In contrast, other B-cell signaling defects may cause upregulated signaling, as exemplified by loss of inhibitory FcR function. Thus, FcγRIIb deficiency leads to a lupus like phenotype in mice, although with different penetrance depending on mouse strain. Moreover, deficiency of the inhibitory FcγRIIb reduces the threshold for autoreactive B-cell activation, and restoration of proper FcγRIIb expression on B cells in lupus-prone mice prevents the expansion and accumulation of autoantibody-producing plasma cells (PCs). These findings are even more meaningful given that polymorphisms in FcγRIIb are associated with human SLE and have a direct functional consequence on B-cell signaling. Thus, an FcγRIIb membrane spanning Ile232 to Thr232 substitution associated with lupus in Asian populations caused decreased FcR lipid raft association and greater, more sustained calcium mobilization and downstream biochemical signaling events on B-cell receptor engagement. Moreover, other defects may lead to decreased expression of FcgRIIb as recently demonstrated in human lupus memory B cells. Such alterations in B-cell signaling proteins could explain earlier observations of increased calcium responses to BCR ligation in SLE B cells. Olferiev and Crow recently approached this question in human lupus by comparing the gene-expression signatures specifically in memory B cells and found the underexpression of several inhibitory receptors including CD22 and CD72, and the overexpression of type I interferon (IFN) inducible genes. Overall, such defects in B-cell signaling pathways are important because they may contribute to the loss of peripheral B-cell tolerance in SLE.

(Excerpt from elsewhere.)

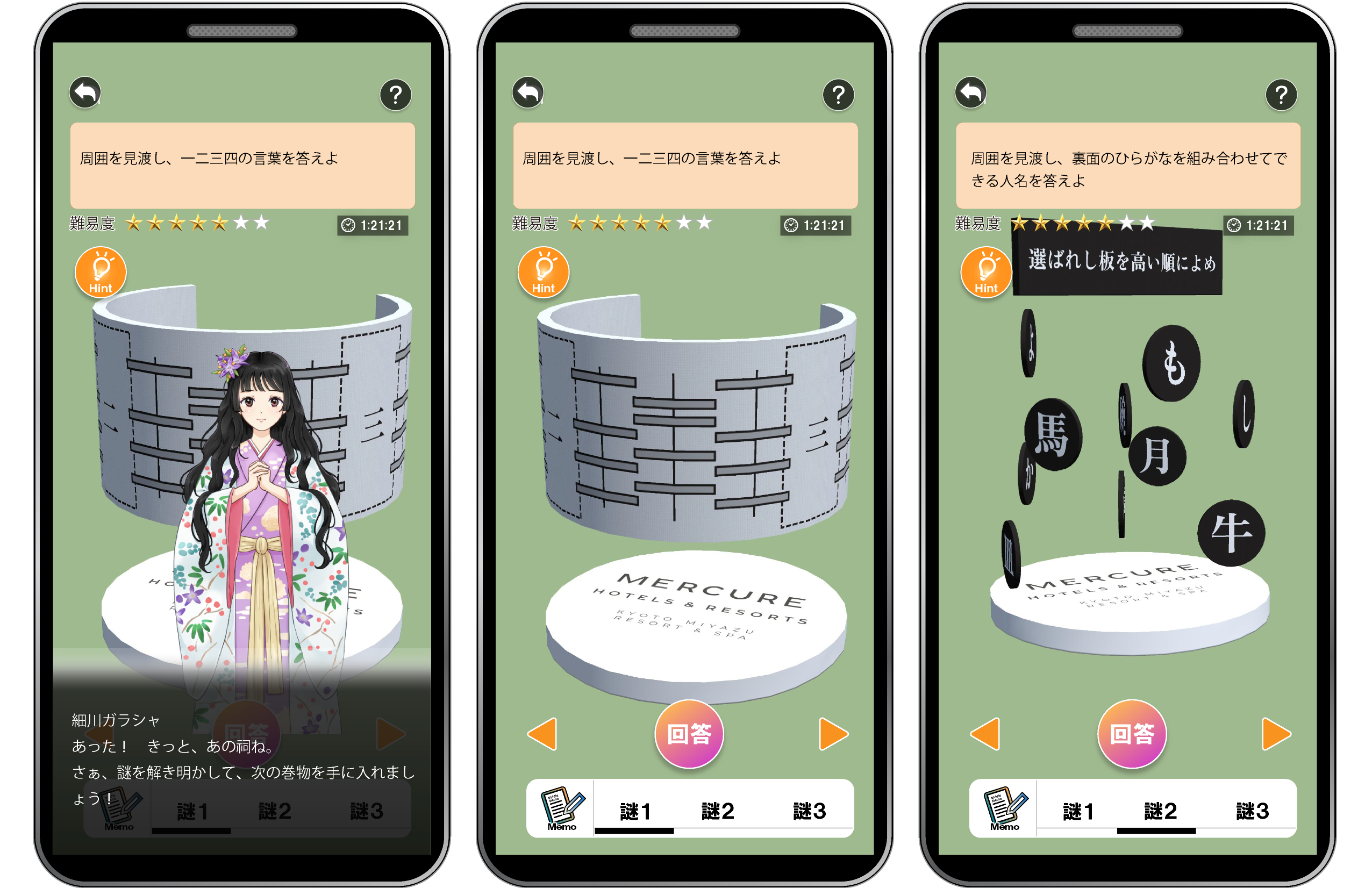 メルキュール京都宮津リゾート&スパの謎解きでは、タイムスリップしたお客様は丹後七姫のひとりであるガラシャと共にホテル内を歩き、周囲の景観をヒントに謎を解き明かしていきます。ホテル内を丹後国に見立て、丹後に伝わる丹後七姫の伝説について触れながら、歴史の舞台とホテル空間を重ね合わせた世界観を体験していただきます。「姫君の物語」を求め、ホテルの各所に設置された謎を解くことで、まるで丹後各地(伊根、磯砂山、立岩、磯の浜辺、由良の湊)を巡るような感覚を楽しめます。

Alterations in B-cell longevity also can lead to lupuslike phenotypes, as exemplified by transgenic expression of BAFF, a key cytokine that promotes B-cell survival. These mice develop a lupuslike phenotype with excessive numbers of mature B cells, spontaneous germinal center (GC) reactions, autoantibodies, high PC numbers, and immunoglobulin (Ig) deposition in the kidney. Moreover, lupus-prone mice have elevated levels of circulating BAFF, and administration of soluble BAFF receptor ameliorates disease progression and improves survival. The importance of BAFF in human SLE has been demonstrated by the finding of increased serum levels in patients with SLE and the correlation with serum IgG and autoantibody levels. Excessive BAFF may be another factor that promotes the survival of autoreactive B cells in the periphery. Thus, 2 recent reports have shown that BAFF is a key limiting resource for early (transitional) B-cell survival, with autoreactive B cells surviving selection into the mature pool only when BAFF was in excess. Miller and colleagues have proposed a model of B-cell selection and tolerance induction that postulates that the number of cells entering the transitional B-cell pool must exceed the available space if appropriately stringent negative selection is to occur. Events that compromise this rule, including a decrease in incoming cell numbers or increases in BAFF, may circumvent negative selection of autoreactivity ( Fig. 1 ).




Fig. 1


A model for B-cell development, selection, and function after BCD therapy. The outcome of BCD depends on how well established autoimmunity is eradicated and how the immune system reconstitutes. B cells are continually generated in the BM, and once rituximab is cleared can develop through well-recognized stages (T, transitional; FO, follicular naive; FM, follicular mantle; MZ, marginal zone; GC, germinal center) with defined tolerance checkpoints as shown. Autoreactive B cells (depicted in pink) are deleted in the BM immature subsets, and cells in the transitional subsets undergo further selection, the stringency of which is determined in part by available BAFF (BAFF excess caused by overproduction, peripheral lymphopenia, or reduced BM output reduces selective stringency). A favorable reconstitution profile (denoted A) is characterized by an abundance of newly emerging transitional B cells in an environment that favors stringent negative selection of autoreactivity (high numbers of transitional B cells relative to BAFF). A nonfavorable reconstitution profile (B in red) will be characterized by a higher fraction of residual memory B cells induced by an environment of TLR activation (via DNA and RNA containing immune complex activation of plasmacytoid DC), yielding large quantities of IFN and inhibition of new BM B-cell lymphopoiesis. The outcome of BCD also depends on the balance between protective (regulatory, antiinflammatory) B cells and pathogenic (effector, proinflammatory) B cells and their corresponding cytokines. The authors postulate that physiologically, transitional cells predominantly produce IL-10 (or TGF-β), which in a normal environment exerts antiinflammatory actions. This situation would be altered in autoimmune disease. BCD therapy may restore the physiologic balance between protective and pathogenic B-cell functions by creating an environment dominated by transitional cells with antiinflammatory and tolerogenic functions and Treg-inducing activity.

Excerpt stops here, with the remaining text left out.